The Dartmouth Institute for Health Policy and Clinical Practice, Geisel School of Medicine, Dartmouth Hitchcock Medical Center, One Medical Center Drive, Lebanon, NH 03756, USA.
Department of Economics, Dartmouth College, The Dartmouth Institute for Health Policy and Clinical Practice, Geisel School of Medicine, and the National Bureau of Economic Research, Hanover, NH 03755, USA.
Mil Med. 2024 Aug 30;189(9-10):e2170-e2176. doi: 10.1093/milmed/usae074.
There is a longstanding debate about whether health care is more efficiently provided by the public or private sector. The debate is particularly relevant to the Military Health System (MHS), which delivers care through a combination of publicly funded federal facilities and privately contracted providers. This study compares outcomes, treatments, and costs for MHS patients obtaining care for low back pain (LBP) from public versus private providers.
A retrospective cohort study was completed using TRICARE Prime claims data from April 2015 to December 2018. The cohort was identified using International Classification of Diseases Ninth Revision and Tenth Revision diagnostic codes and then followed for 12 months after the index diagnosis to assess treatments, outcomes, and costs. Claims were classified as originating from either public or private providers. The primary outcome measure was resolution of LBP, defined as an absence of LBP diagnoses during the 6-to-12-month window following the index event. Instrumental variable models were used to assess the impact of care setting (i.e., private versus public), conditioning on the covariates. A regional measure of the fraction of private care was used as an instrument.
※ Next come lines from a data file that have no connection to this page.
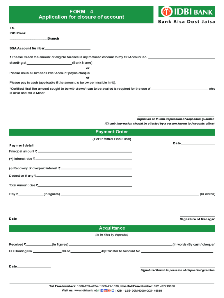 FORM 4 Application for closure of account To, IDB Bank ___Branch SSA Account Number 1. Please Credit the amount of eligible balance in my matured account to my SB Accounts no. standing at(Bank Name)
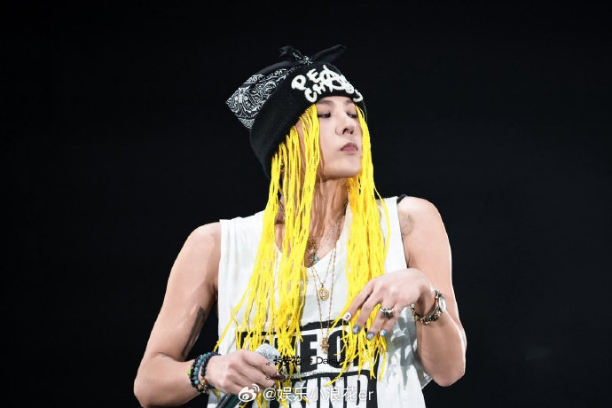 在2月22日(Day2)的舞台上,权志龙以极具冲击力的形象登场:一头鲜亮醒目的黄色长脏辫肆意披散,身着简约而充满力量感的无袖背心。这一造型完美复刻了2012年《One Of A Kind》打歌期及音乐录影带中的经典视觉符号。
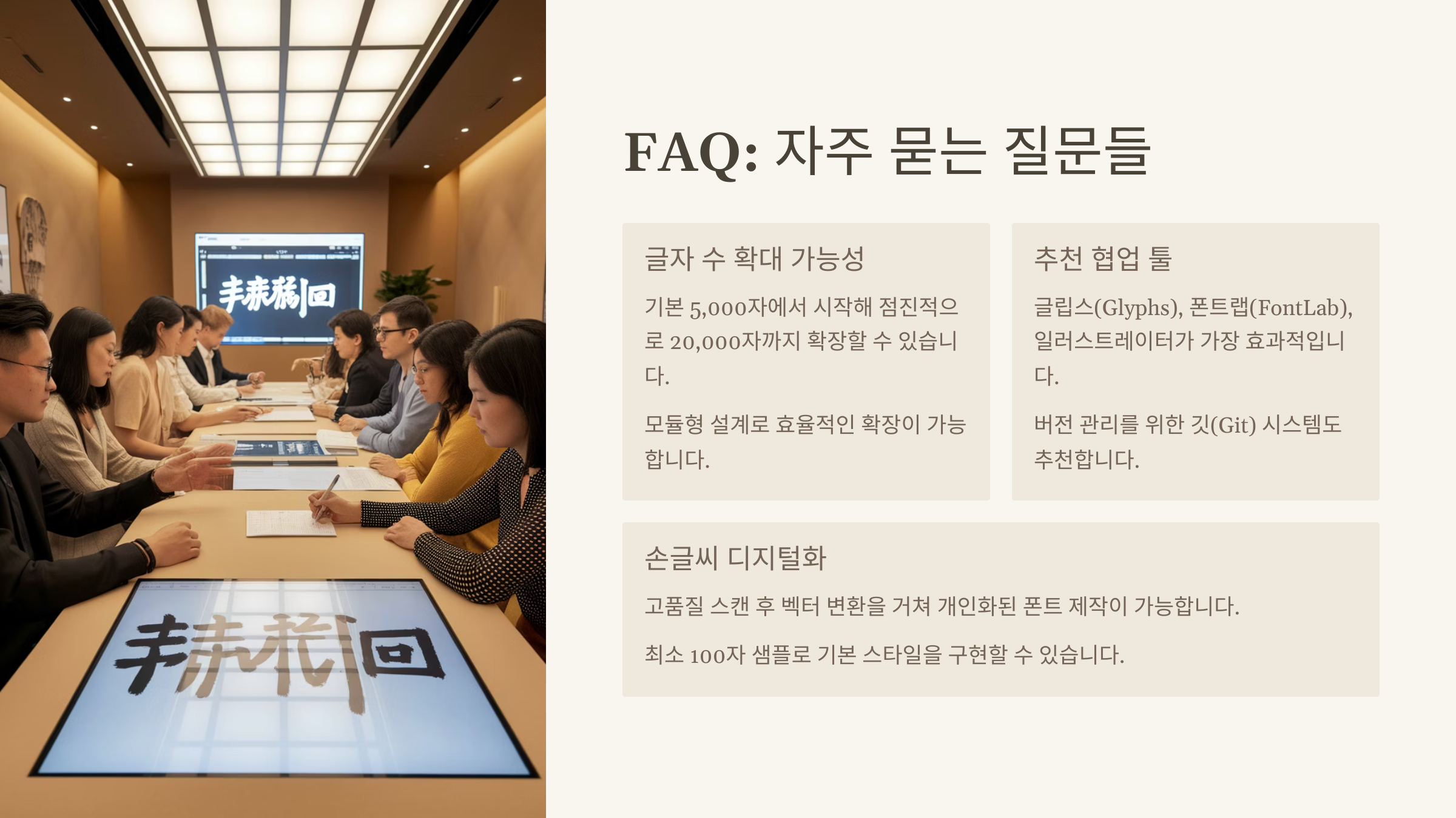 A1. 상용한자 1,800자를 기준으로 수작업 제작 시 3~6개월 이상 걸릴 수 있어요. 자동화와 조합 시스템을 활용하면 훨씬 단축 가능해요.

Resolution of LBP was achieved for 79.7% of 144,866 patients in the cohort. No significant association was found between resolution of LBP and fraction of privately provided care. Higher fraction of private care was associated with a greater likelihood of opioid treatments (odds ratio, 1.22; 95% CI, 1.02-1.46) and a lower likelihood of benzodiazepine (odds ratio, 0.56; 95% CI, 0.45-0.70) and physical therapy (odds ratio 0.55; 95% CI, 0.42-0.74) treatments; manual therapy was not significantly associated with the fraction of private care. There was a significant negative association between the fraction of private care and cost (coefficient -0.27; 95% CI, -0.44, -0.10).
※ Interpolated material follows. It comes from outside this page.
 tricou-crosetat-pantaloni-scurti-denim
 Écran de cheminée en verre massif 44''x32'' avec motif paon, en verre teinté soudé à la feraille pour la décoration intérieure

This study found that privately provided care was associated with significantly higher opioid prescribing, less use of benzodiazepines and physical therapy, and lower costs. No systematic differences in outcomes (as measured by resolved cases) were identified. The findings suggest that publicly funded health care within the MHS context can attain quality comparable to privately provided care, although differences in treatment choices and costs point to possibilities for improved care within both systems.
关于医疗保健是由公共部门还是私营部门更有效地提供,长期以来一直存在争议。这场争论与军事卫生系统(MHS)特别相关,该系统通过公共资助的联邦设施和私人承包的提供者相结合来提供医疗服务。本研究比较了 MHS 患者因腰痛(LBP)从公共和私人提供者处获得护理的结果、治疗和成本。
使用 2015 年 4 月至 2018 年 12 月的 TRICARE Prime 索赔数据完成了一项回顾性队列研究。该队列是使用国际疾病分类第 9 版和第 10 版诊断代码确定的,然后在索引诊断后 12 个月内对其进行随访,以评估治疗、结果和成本。索赔被归类为来自公共或私人提供者。主要结局指标是 LBP 的缓解,定义为在索引事件后的 6 至 12 个月窗口期间没有 LBP 诊断。使用工具变量模型评估护理环境(即私人与公共)的影响,条件是协变量。使用区域私人护理比例衡量作为工具。
队列中 144866 名患者中有 79.7%的患者实现了 LBP 的缓解。LBP 缓解与私人提供的护理比例之间没有发现显著关联。更高的私人护理比例与阿片类药物治疗的可能性更高(优势比,1.22;95%置信区间,1.02-1.46)和苯二氮䓬类药物(优势比,0.56;95%置信区间,0.45-0.70)和物理治疗(优势比 0.55;95%置信区间,0.42-0.74)治疗的可能性较低;手法治疗与私人护理比例无显著相关性。私人护理比例与成本之间存在显著负相关(系数-0.27;95%置信区间,-0.44,-0.10)。
本研究发现,私人提供的护理与阿片类药物的开具显著相关更高,苯二氮䓬类药物和物理治疗的使用较少,成本较低。(测量为已解决病例)没有发现结果的系统差异。研究结果表明,MHS 范围内的公共资助医疗保健可以达到与私人提供的护理相当的质量,尽管在治疗选择和成本方面存在差异,但这两个系统都有可能改善护理。